═══ DATA EXTRACTS

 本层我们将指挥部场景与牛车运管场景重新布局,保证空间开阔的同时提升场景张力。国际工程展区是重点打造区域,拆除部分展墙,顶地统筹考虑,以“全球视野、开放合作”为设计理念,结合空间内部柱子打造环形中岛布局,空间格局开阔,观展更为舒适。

══════
═══ DATA EXTRACTS

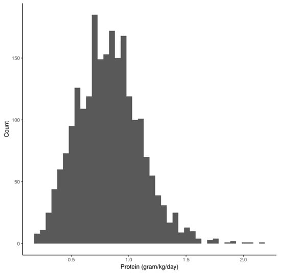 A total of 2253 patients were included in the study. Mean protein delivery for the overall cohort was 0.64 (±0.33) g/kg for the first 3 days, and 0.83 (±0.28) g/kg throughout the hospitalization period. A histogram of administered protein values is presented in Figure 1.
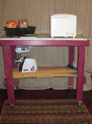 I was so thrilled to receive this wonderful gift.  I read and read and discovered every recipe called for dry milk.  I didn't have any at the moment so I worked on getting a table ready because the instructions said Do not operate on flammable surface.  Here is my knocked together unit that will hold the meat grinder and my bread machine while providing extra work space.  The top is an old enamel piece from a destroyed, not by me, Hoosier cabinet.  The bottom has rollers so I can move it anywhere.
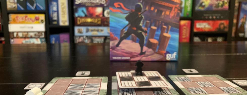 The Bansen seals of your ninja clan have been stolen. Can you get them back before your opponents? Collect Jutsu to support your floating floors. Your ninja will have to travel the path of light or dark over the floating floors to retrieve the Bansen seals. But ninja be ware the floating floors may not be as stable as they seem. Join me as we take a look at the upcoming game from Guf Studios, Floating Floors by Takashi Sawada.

══════

EXERCISE AIM. Going by the entries above, repeat exactly the lines that start at the line with "A total of 2253" and go on through the line with "I was so thrilled". Pictures are not part of the copy.

RESULT BELOW.
 A total of 2253 patients were included in the study. Mean protein delivery for the overall cohort was 0.64 (±0.33) g/kg for the first 3 days, and 0.83 (±0.28) g/kg throughout the hospitalization period. A histogram of administered protein values is presented in Figure 1.
 I was so thrilled to receive this wonderful gift.  I read and read and discovered every recipe called for dry milk.  I didn't have any at the moment so I worked on getting a table ready because the instructions said Do not operate on flammable surface.  Here is my knocked together unit that will hold the meat grinder and my bread machine while providing extra work space.  The top is an old enamel piece from a destroyed, not by me, Hoosier cabinet.  The bottom has rollers so I can move it anywhere.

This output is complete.